- [Supplied data]

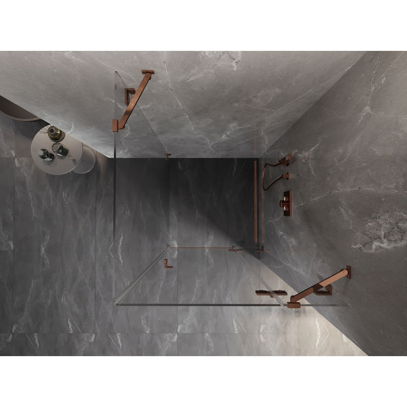 Špecifikácia produktu: Rozmer: 70x70 cm (pravé dvere 70 cm, stena 70 cm) Výška: 200 cm Strana montáže: Pravá Vchod: Dvere s otočnými pántami Farba skla: Priehľadná Povrchová úprava: Ružové zlato Profil: Hliník Typ skla: Tvrdené Hrúbka skla: 8 montážne systémy: - s profilom, ktorý umožňuje vyrovnanie nerovností stien - bez profilu pre dokonale rovné steny Možnosť montáže na sprchovú vaničku alebo obklady Mechanizmus na zdvíhanie a spúšťanie dverí Mosadzné svorky a pánty v jednej rovine so sklenenou tabuľou Magnetický prúžok a elastomérové tesnenie pre odvod vody Hliníkový prah
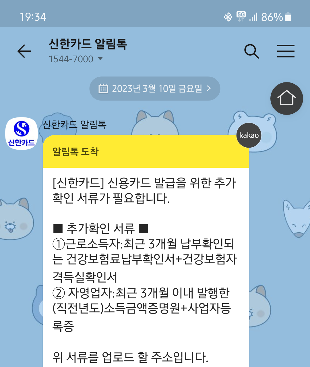 이런 알림톡이 오더군요
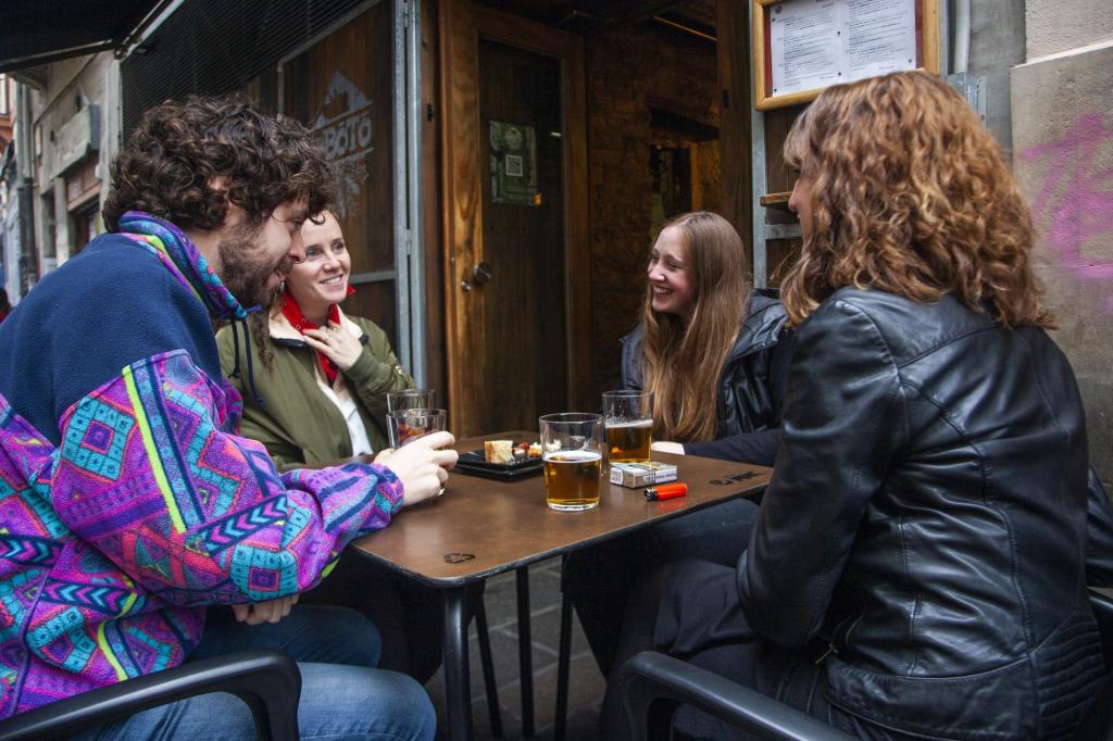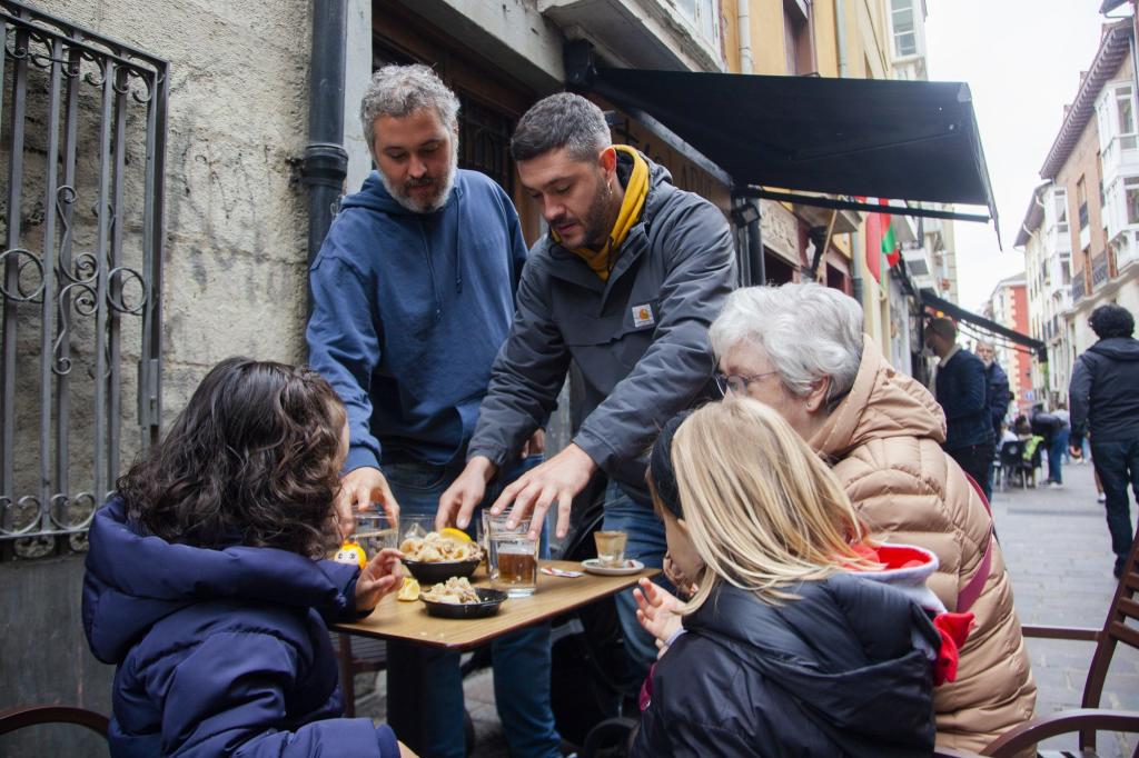 Las consumiciones van y vienen del interior a la calle y, viceversa, en manos de sonrientes clientes encantados de retomar el poteo por el Casco Viejo. Muchos echaban de menos consumir en barra, hartos ya de tener que pillar mesa libre y permanecer sentado en una silla de terraza. "Al final, bebes más, sobre todo cuando había hora de cierre, porque estabas pensando, venga, otra, antes de que chapen", apunta Mario delante de su "segunda" Voll-Damm.
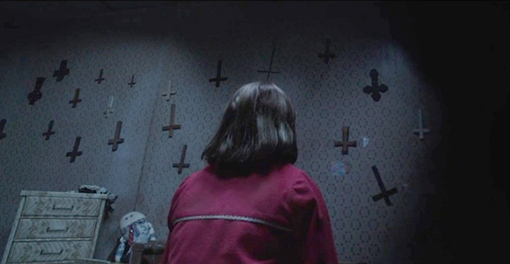 This still is from The Conjuring 2, where the family being haunted has hung up crucifixes around the room with the most activity, but something has flipped them over, instead mocking Christ.
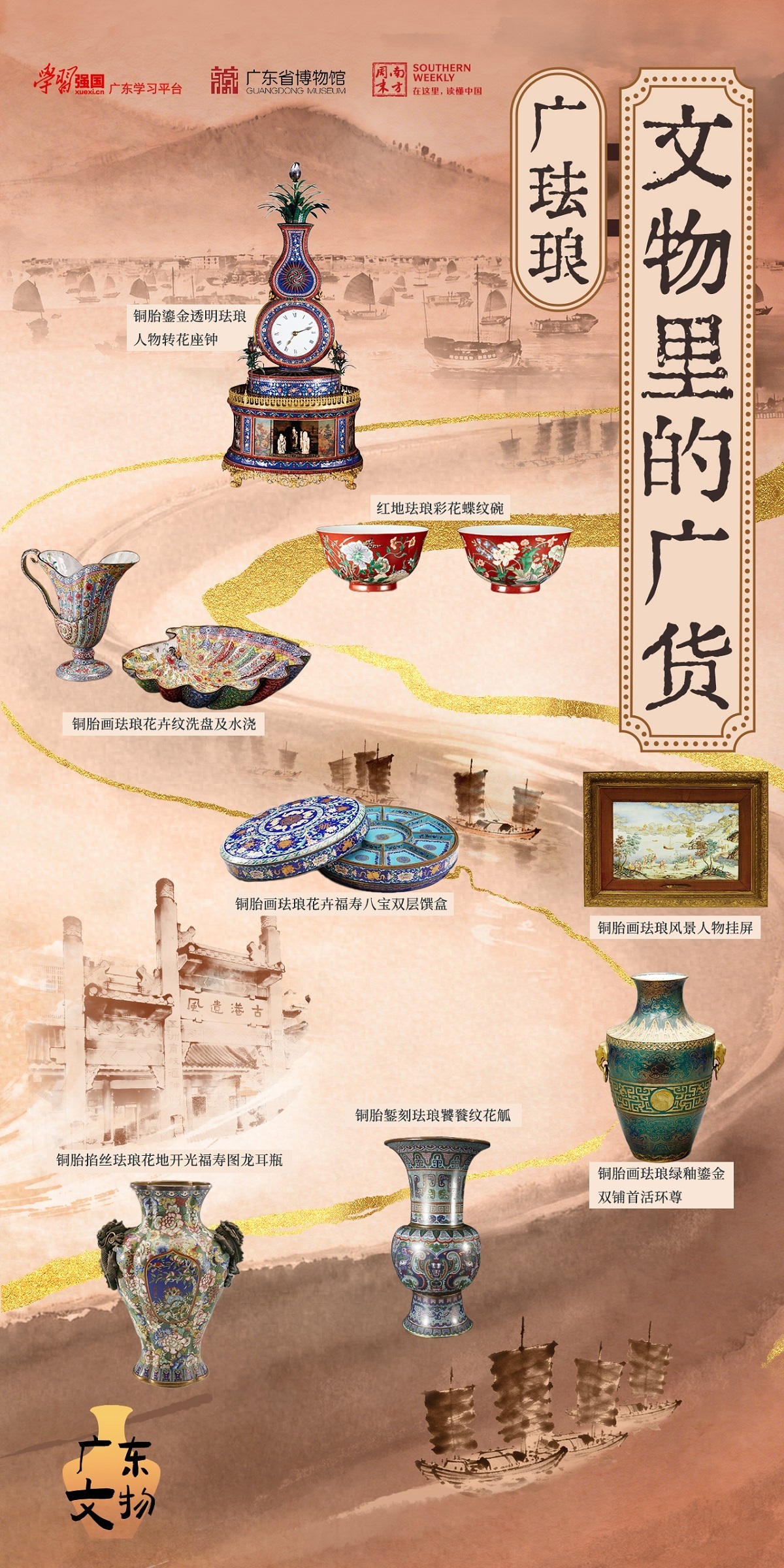 时至今日,工业化量产的金属胎珐琅,即我们熟悉的“搪瓷”,早已深入日常生活,而广珐琅所承载的美学意蕴与开拓精神,却历久弥新,生生不息。其跨越时空的蝶变之旅,仍在无声述说着广货行天下的故事。
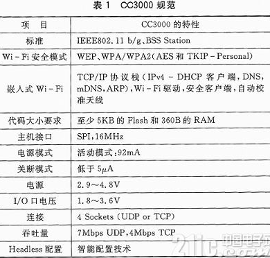 CC3000规范如表1所列。
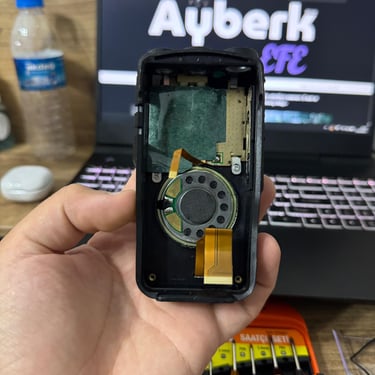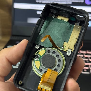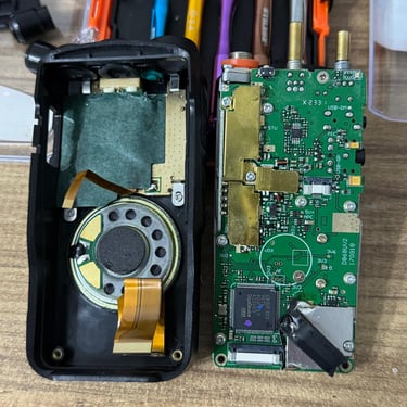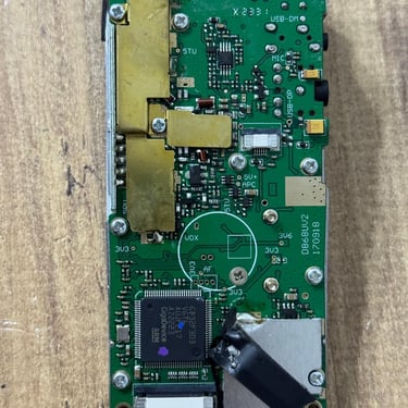 Following the first IF stage and associated SAW filtering, the signal undergoes a second frequency conversion to baseband, producing quadrature I/Q signals. These signals are digitized by an ADC and processed by the internal DSP, which performs demodulation, decoding, and audio processing. The recovered audio is then converted back to analog form and amplified to drive the internal speaker. The transmit chain mirrors this architecture in reverse, with the addition of RF power amplification and harmonic suppression stages.

- [Task instructions]
Retype the whole listing word for word. Skip the pictures.

- [Solution to this exercise]
 Špecifikácia produktu: Rozmer: 70x70 cm (pravé dvere 70 cm, stena 70 cm) Výška: 200 cm Strana montáže: Pravá Vchod: Dvere s otočnými pántami Farba skla: Priehľadná Povrchová úprava: Ružové zlato Profil: Hliník Typ skla: Tvrdené Hrúbka skla: 8 montážne systémy: - s profilom, ktorý umožňuje vyrovnanie nerovností stien - bez profilu pre dokonale rovné steny Možnosť montáže na sprchovú vaničku alebo obklady Mechanizmus na zdvíhanie a spúšťanie dverí Mosadzné svorky a pánty v jednej rovine so sklenenou tabuľou Magnetický prúžok a elastomérové tesnenie pre odvod vody Hliníkový prah
 이런 알림톡이 오더군요
 Las consumiciones van y vienen del interior a la calle y, viceversa, en manos de sonrientes clientes encantados de retomar el poteo por el Casco Viejo. Muchos echaban de menos consumir en barra, hartos ya de tener que pillar mesa libre y permanecer sentado en una silla de terraza. "Al final, bebes más, sobre todo cuando había hora de cierre, porque estabas pensando, venga, otra, antes de que chapen", apunta Mario delante de su "segunda" Voll-Damm.
 This still is from The Conjuring 2, where the family being haunted has hung up crucifixes around the room with the most activity, but something has flipped them over, instead mocking Christ.
 时至今日,工业化量产的金属胎珐琅,即我们熟悉的“搪瓷”,早已深入日常生活,而广珐琅所承载的美学意蕴与开拓精神,却历久弥新,生生不息。其跨越时空的蝶变之旅,仍在无声述说着广货行天下的故事。
 CC3000规范如表1所列。
 Following the first IF stage and associated SAW filtering, the signal undergoes a second frequency conversion to baseband, producing quadrature I/Q signals. These signals are digitized by an ADC and processed by the internal DSP, which performs demodulation, decoding, and audio processing. The recovered audio is then converted back to analog form and amplified to drive the internal speaker. The transmit chain mirrors this architecture in reverse, with the addition of RF power amplification and harmonic suppression stages.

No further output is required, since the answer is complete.